◆ **EXERCISE BRIEF**: In the records below, reproduce exactly the lines from the one containing "華やかなフラワーデザインが印" through the one containing "程序中的一个File对象,可", both included, and omit the pictures.

◆ **DATA SUPPLIED**:
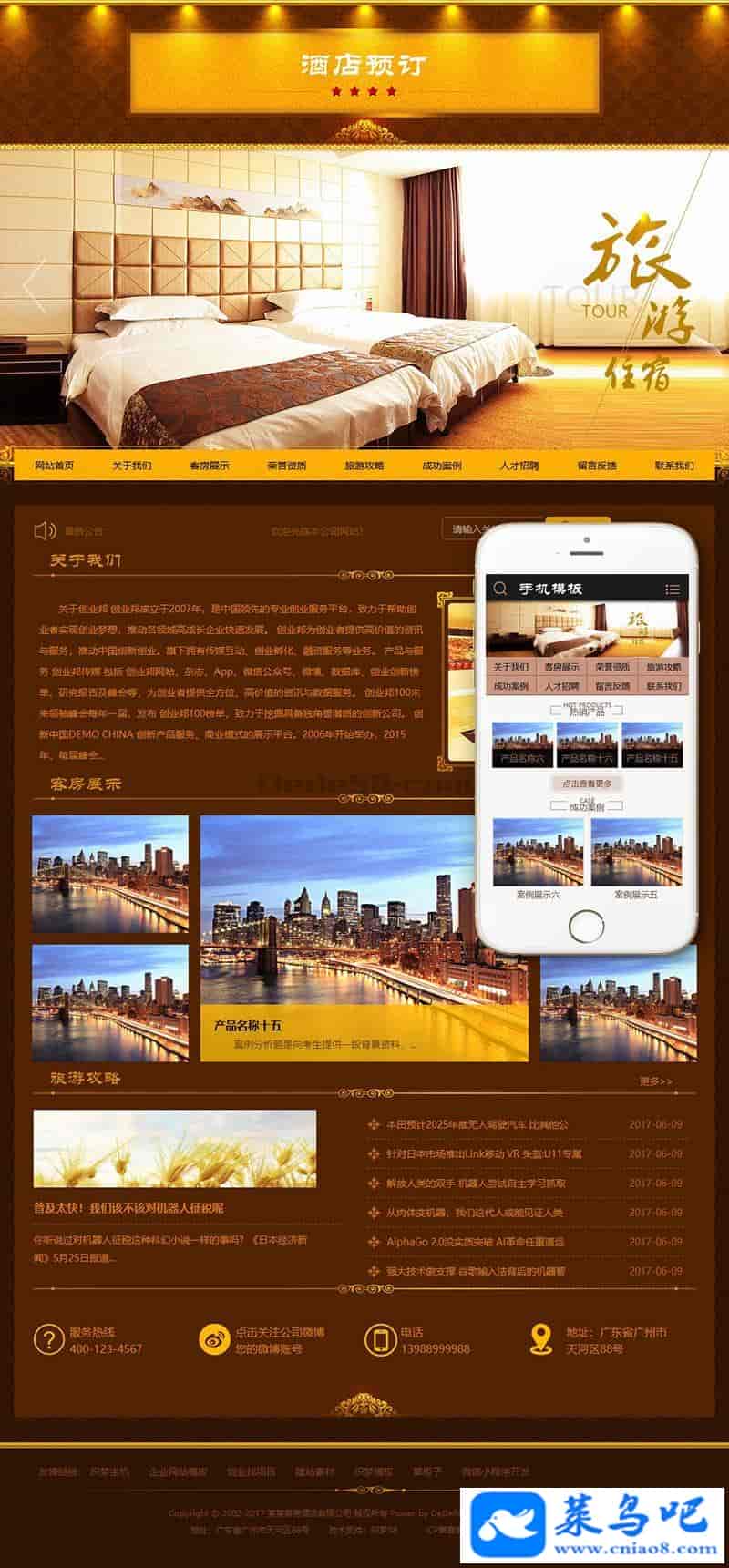 织梦最新内核开发的模板,该模板属于企业通用类、酒店、旅馆、旅租、客房类企业都可使用,
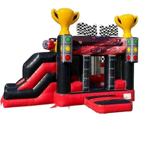 Ideaal voor verjaardagsfeestjes, schoolfeesten en evenementen, het Springkussen Mini Race met Glijbaan zorgt ervoor dat elk kind het naar zijn zin heeft en vol enthousiasme speelt!
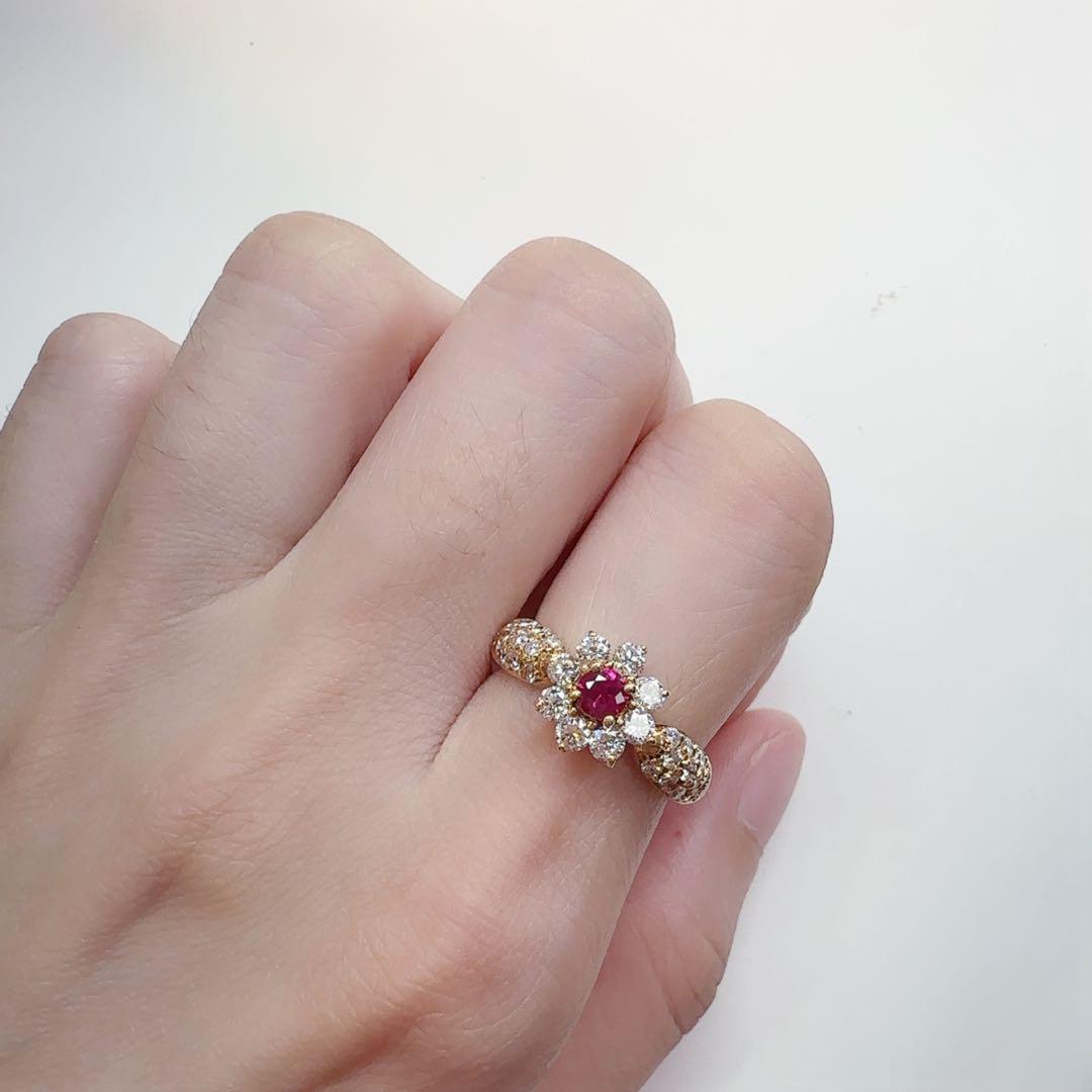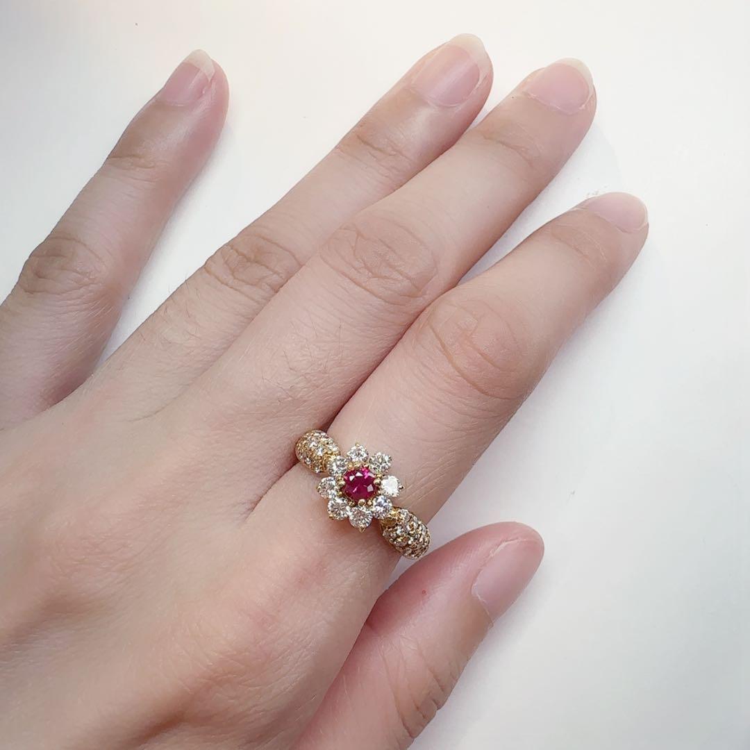 華やかなフラワーデザインが印象的なK18ルビーリングです。中央には鮮やかなルビー(0.26ct)がセットされ、その周囲を輝きの良いダイヤモンドが取り囲んでおり、花のような上品なデザインに仕上がっています。アーム部分にもメレダイヤがあしらわれ、指元をより一層豪華に演出します。
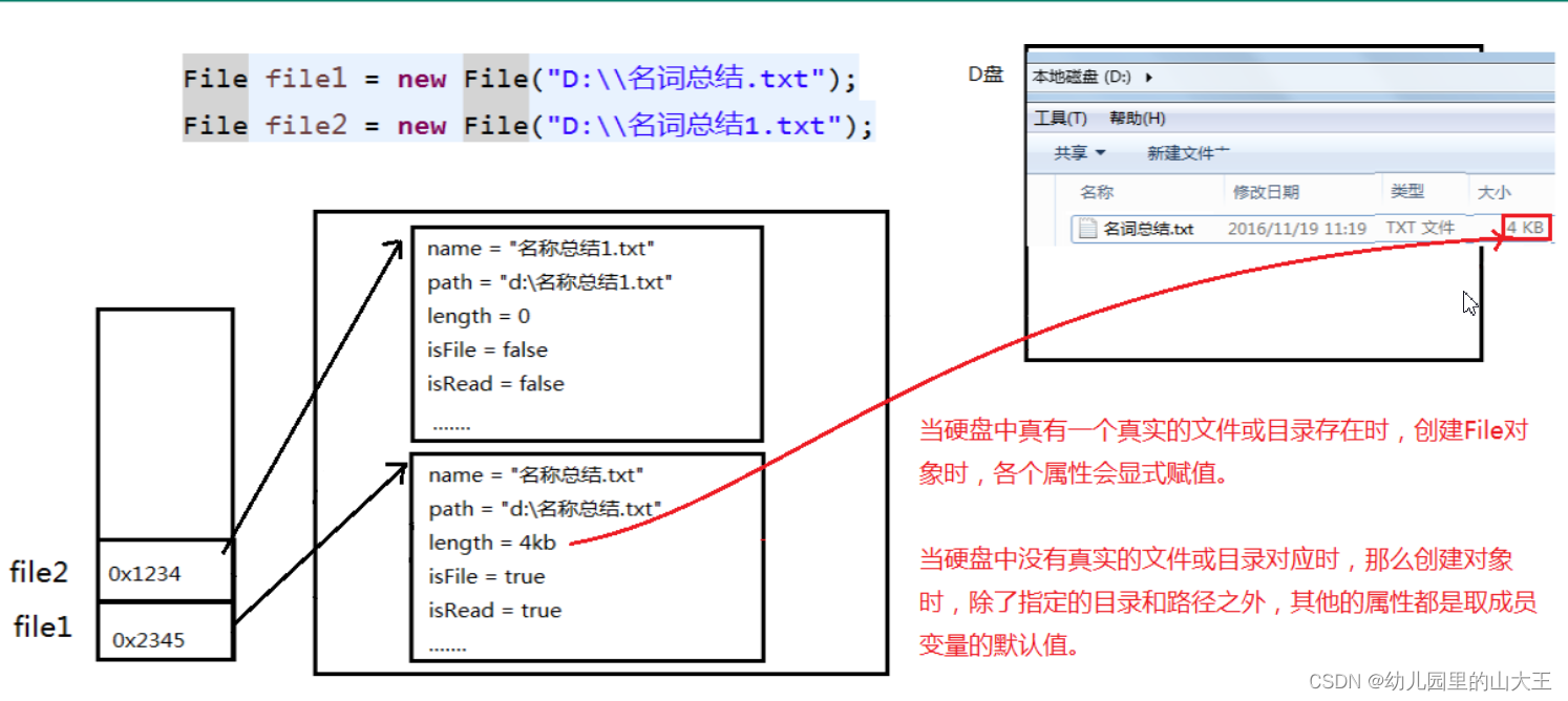 程序中的一个File对象,可能没有一个真实存在的文件或目录(也就是程序中有File对象,但对应的文件路径没有或者文件没有)。
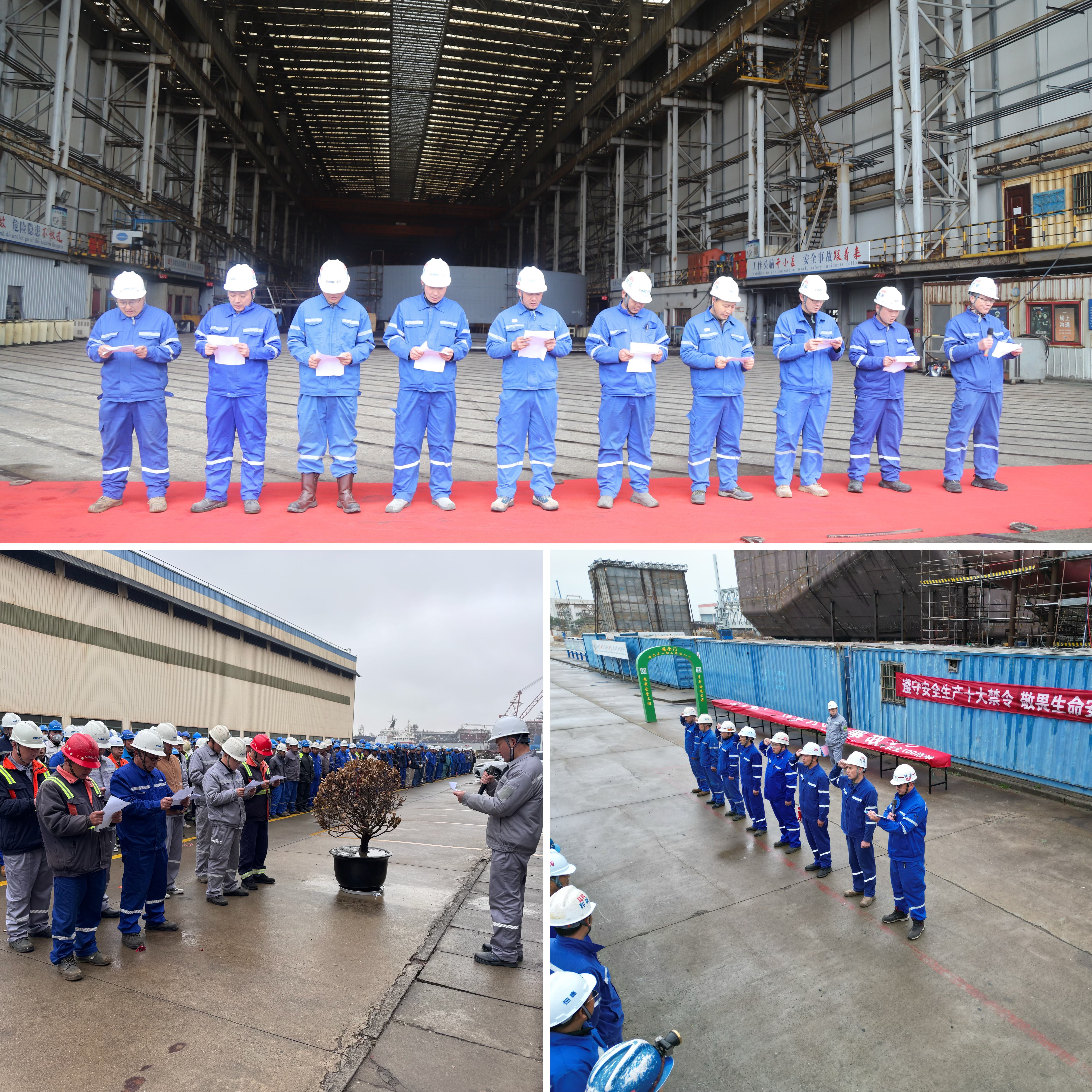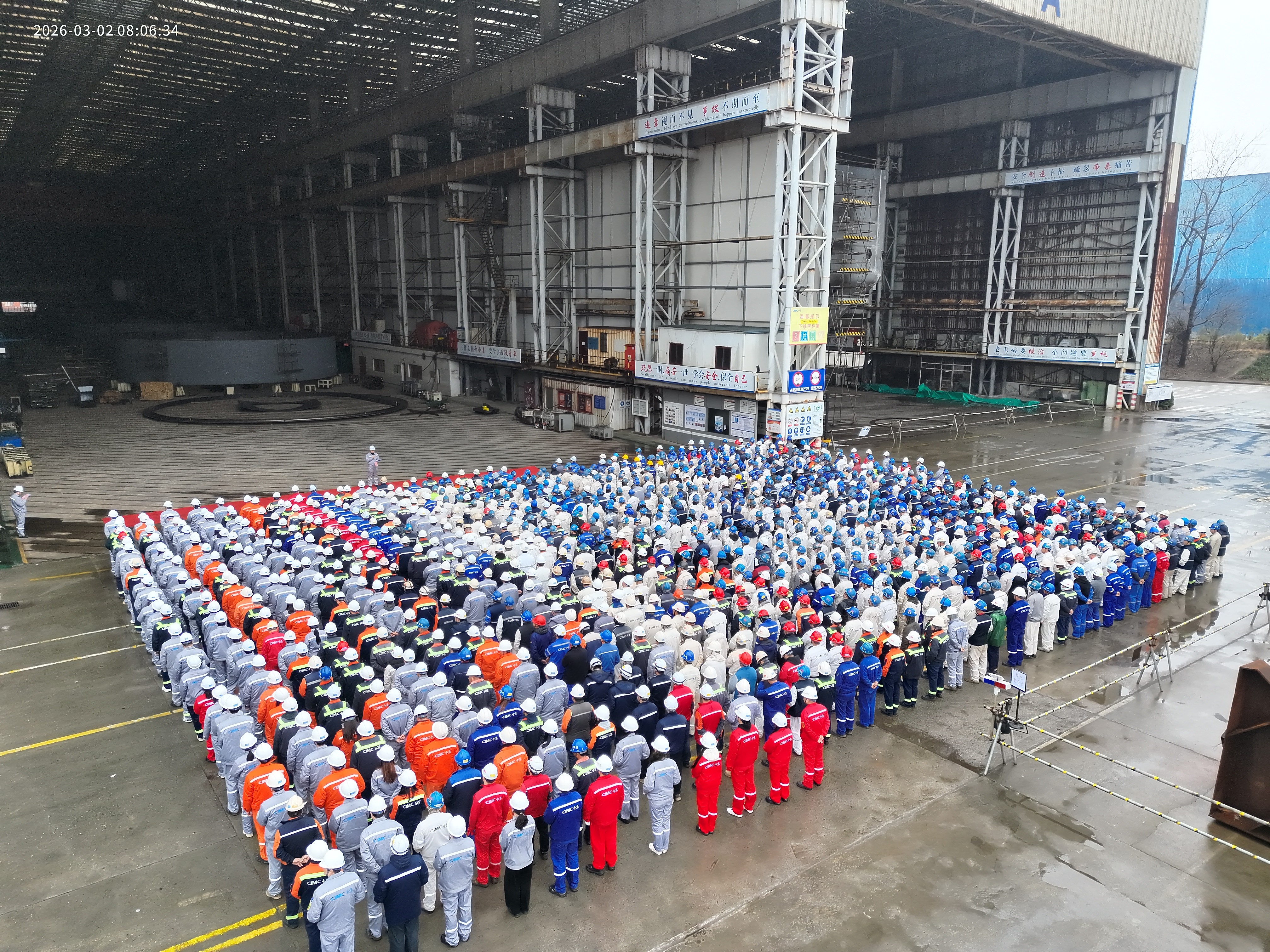 3月2日上午8时08分,南通中集太平洋海洋工程有限公司(以下简称“中集太平洋海工”)启东基地东区、西区及宏华同步举行 2026 年春节后 “安全 100” 活动。中集安瑞科副总裁兼中集太平洋海工总经理高文宝等公司领导、各部门长、全体本工及承包商员工共同参与活动。此外,金海基地也结合基地实际情况开展了“安全100”活动。

◆ **SOLUTION TO THIS PROBLEM**:
 華やかなフラワーデザインが印象的なK18ルビーリングです。中央には鮮やかなルビー(0.26ct)がセットされ、その周囲を輝きの良いダイヤモンドが取り囲んでおり、花のような上品なデザインに仕上がっています。アーム部分にもメレダイヤがあしらわれ、指元をより一層豪華に演出します。
 程序中的一个File对象,可能没有一个真实存在的文件或目录(也就是程序中有File对象,但对应的文件路径没有或者文件没有)。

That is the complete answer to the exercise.